Molecular dynamics (MD) simulation was performed using GROMACS (version 5.1.4) package and gromos 54a7 force field.25,26 Topologies of the proteins were prepared by the pdb2gmx module of GROMACS. The ligand topology files were generated using Automated Topology Builder.27 All heterodimer systems were defined in a cubic box at least 1.0 nm from edge, and solvated with SPC water model.28 To neutralize the system, NaCl in concentration of 0.1 M was used to replace solvent. Energy of the model proteins was minimized using the steepest descent algorithm and was converged to Fmax (maximum force) < 10.0 kJ mol−1. Then, a 100 ps NVT equilibration was carried out under a leap-frog integrator with a 1.4 nm cut-off for van der Waal (vdW) interaction, electrostatic and Linear Constraint Solver (LINCS).29 The temperature and pressure systems were regulated by Berendsen temperature30 and pressure coupling methods.31 After the system was equilibrated by a 100 ps NPT at 300 K, MD simulation with 20 ns was performed with trajectories generated in time step of 2 fs, and the frames were saved every two ps. The convergence of simulation was analysed with several methods, such as root mean square deviation (RMSD), root mean square fluctuation (RMSF), radius of gyration, and number of hydrogen bonds. All coordinate frames from trajectories were superimposed on the initial conformation to remove overall translational and rotational effects. Finally, the MM-PBSA binding free energy was calculated. The images were created with Pymol 0.99.32

2.7. Free energy calculation

The free energy calculation was performed for 250 snapshots extracted from last 2 ns stable MD trajectory using g_mmpbsa,33 which contained all required subroutines from GROMACS and APBS packages. The binding free energy of the protein with ligand in solvent was expressed as follows:ΔGbind = Gcomplex − (Gprotein + Gligand)

G complex was total free energy of the protein–ligand complex. Gprotein and Gligand were total energy of the separated protein and ligand in solvent, respectively. Free energy of each individual Gcomplex, Gprotein and Gligand, was estimated as follows:Gcomplex = <EMM> + <Gsolvation>

E MM is the representation of the average molecular mechanics potential energy in vacuum, and Gsolvation is free energy of solvation. Molecular mechanics potential energy was calculated in vacuum using the following equation:EMM = Ebonded + Enonbonded = Ebonded + (EvdW + Eelec)
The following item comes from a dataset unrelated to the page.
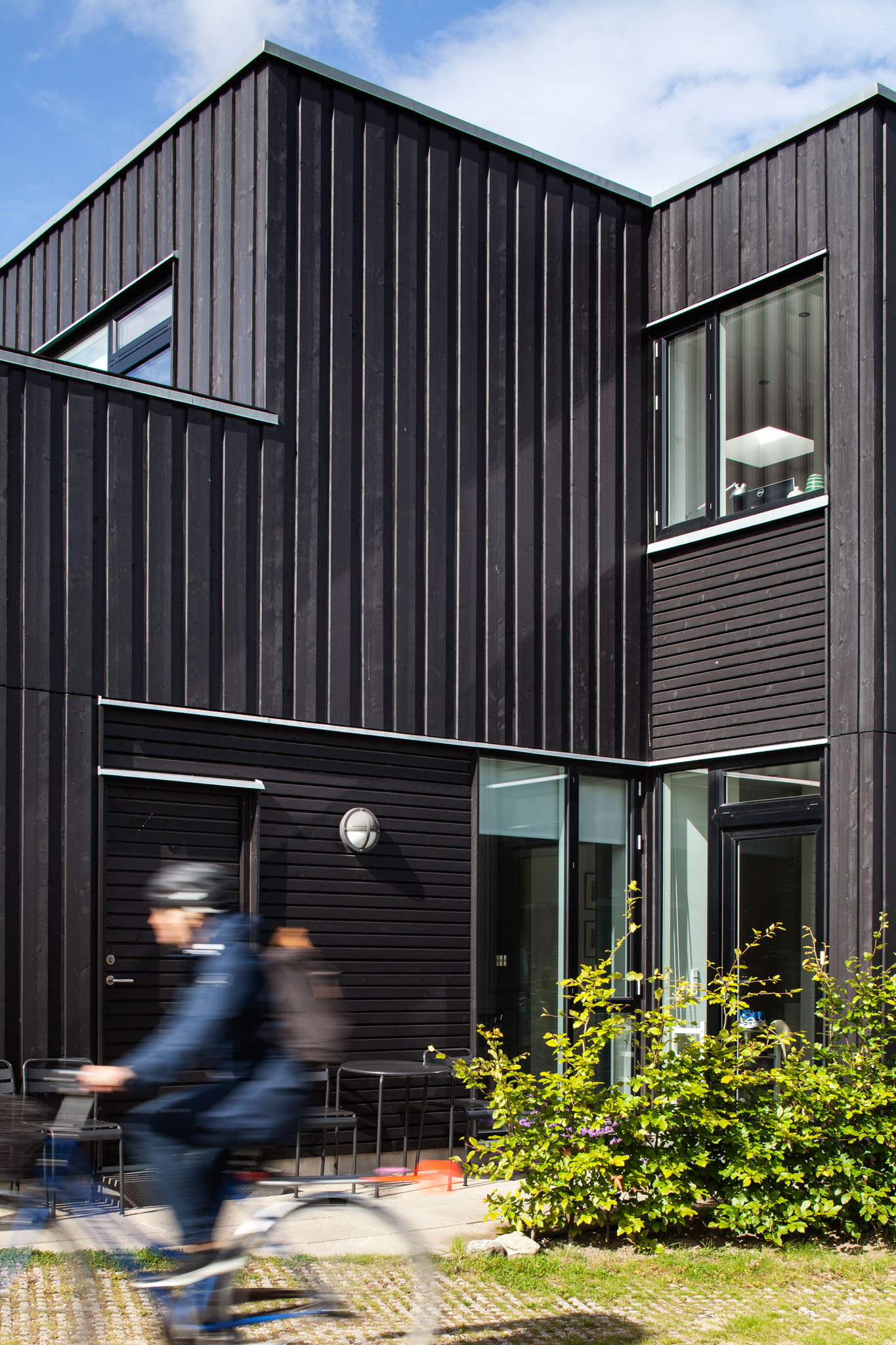 Dobbelthusene er alle opført i to etager med fladt tag. Facaderne er træbeklædte og sortmalede, de brydes kun af store vinduespartier, hvilket skaber en sammenhæng i materialer og udtryk. Boligerne er opført med små variation efter købers ønske, de fleste boliger er med altan, nogle har carport, skure og alternative indgangssituationer.

E bonded represents bonding interactions consisting of bond, angle, dihedral and improper interactions. Enonbonded interactions involved electrostatic (Eelec) and van der Waals (EvdW) interactions, which were modelled using Coulomb and Lennard-Jones (LJ) potential functions, respectively. Free energy (Gsolvation) of solvation was estimated as the sum of electrostatic solvation free energy (Gpolar) and apolar solvation free energy (Gnonpolar):Gsolvation = Gpolar + Gnonpolar

G polar and Gnonpolar are the electrostatic and nonelectrostatic contributions to the solvation free energy, respectively. Gpolar was estimated by solving Poisson–Boltzmann (PB) equation and solvent accessible surface area (SASA). The final ΔGbind value was the average value from last 2 ns of the MD simulation.

3. Results and discussion

3.1. Inhibitory activity assay in vitro

The anti-proliferative activities of these compounds were evaluated against BxPC-3 and NCI-H460 cell lines by SRB assay. The values of half maximal inhibitory concentration (IC50) were calculated and are summarized in Table 1.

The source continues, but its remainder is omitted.